On Wednesday Facebook argued to an appellate court that the UK’s antitrust enforcer cannot use interim measures during merger reviews to “regulate the structure of competition” across markets. Facebook is looking to challenge the restrictions imposed by the CMA while investigating its purchase of Giphy, saying the restraints are too broad.
Earlier this month Britain’s competition regulator said that it was referring Facebook’s acquisition of GIF database Giphy for an in-depth investigation.
The watchdog says it found evidence that Giphy had plans to expand its digital advertising partnerships to the UK and other markets before the deal was reached.
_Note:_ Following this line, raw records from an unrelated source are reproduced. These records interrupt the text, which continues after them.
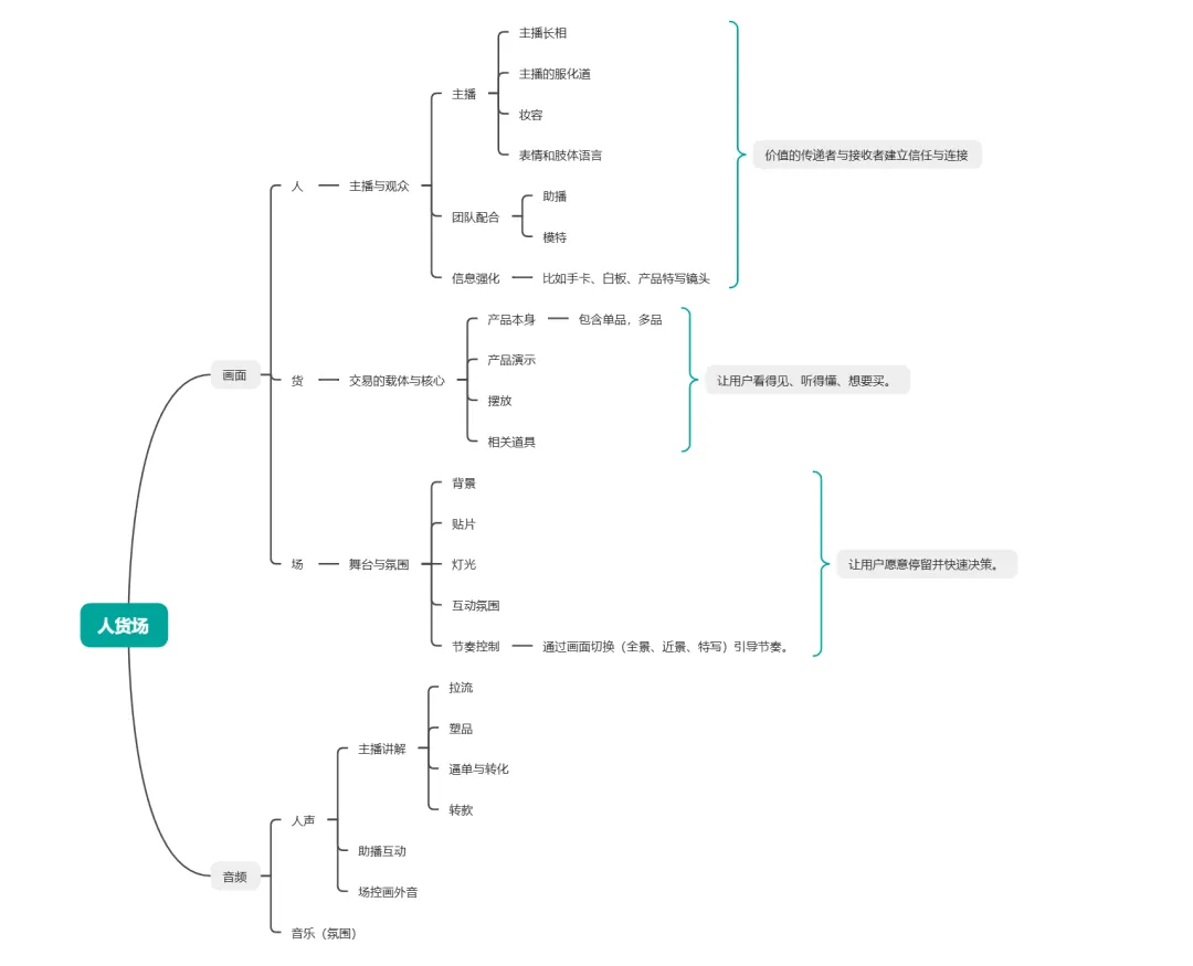 所以先优化场景(场景、主播),让流量进到直播间。再去调整话术,促成成交。卖点:不需要过多卖点,找到真正打动观众的卖点,一个即可,做深做精。每句话都应该对应一个动作(画面),在视觉、听觉上都触达到观众。也就是话术必须用相应的画面展现出来。不要有任何废话或者多余的画面。
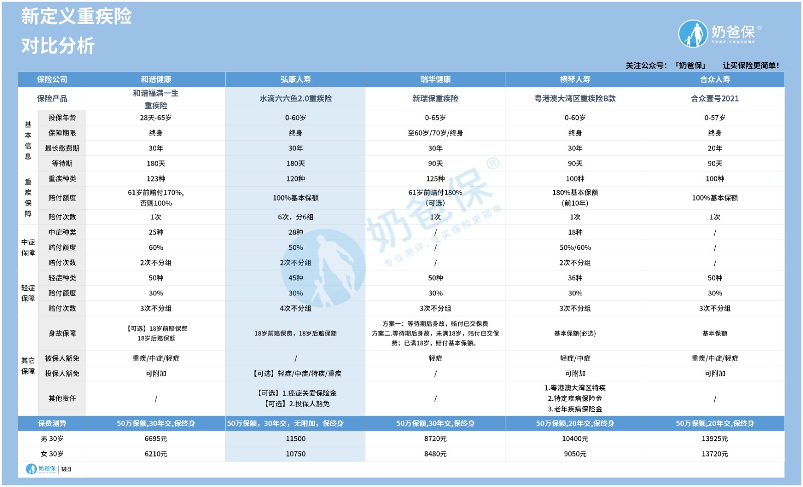为了让大多数消费者能对新定义重疾险有一个比较全面的了解,奶爸特意搜集几款已经上线和即将上线的新定义重疾险产品的资料,并做了一张对比表,我们一起来看:
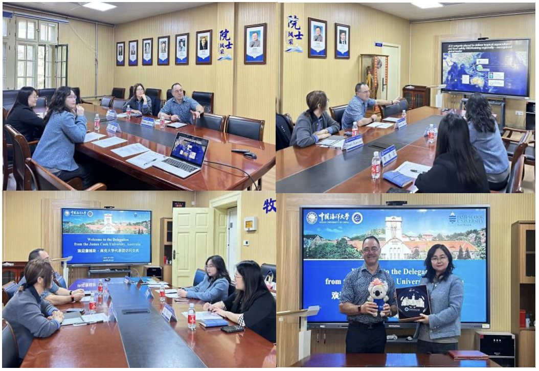 4月16日上午,澳大利亚詹姆斯·库克大学(James Cook University)科学与工程学院代表团一行访问大渔直播 鱼山校区,与大渔直播 举行座谈交流。代表团成员包括詹姆斯·库克大学科学与工程学院副院长迪恩·杰里(Dean Jerry)教授及新加坡校区副教授申雪雁博士。大渔直播 副院长万敏教授、副教授李惠茹及学院外事秘书张昕宇接待并出席座谈会。

It believes Giphy’s combination with Facebook would mean the firm has less incentive to expand its digital ads business, leading to a potential loss of competition.
“We will continue to fully cooperate with the CMA’s investigation,” a Facebook spokesperson told CNBC.
“This merger is good for competition and in the interests of everyone in the UK who uses GIPHY and our services — from developers to service providers to content creators,” the spokesperson added.
Giphy is one of the world’s top libraries for GIFs, animated images involving memes or pop culture references that are shared on the internet. It competes with the likes of Google-owned GIF platform Tenor and the start-up Gfycat.
Though both Giphy and Facebook are headquartered in the U.S., the CMA has the power to investigate mergers when the business being acquired has annual revenues of at least £70 million ($96.5 million) or when the combined businesses have at least a 25% share of any “reasonable” market.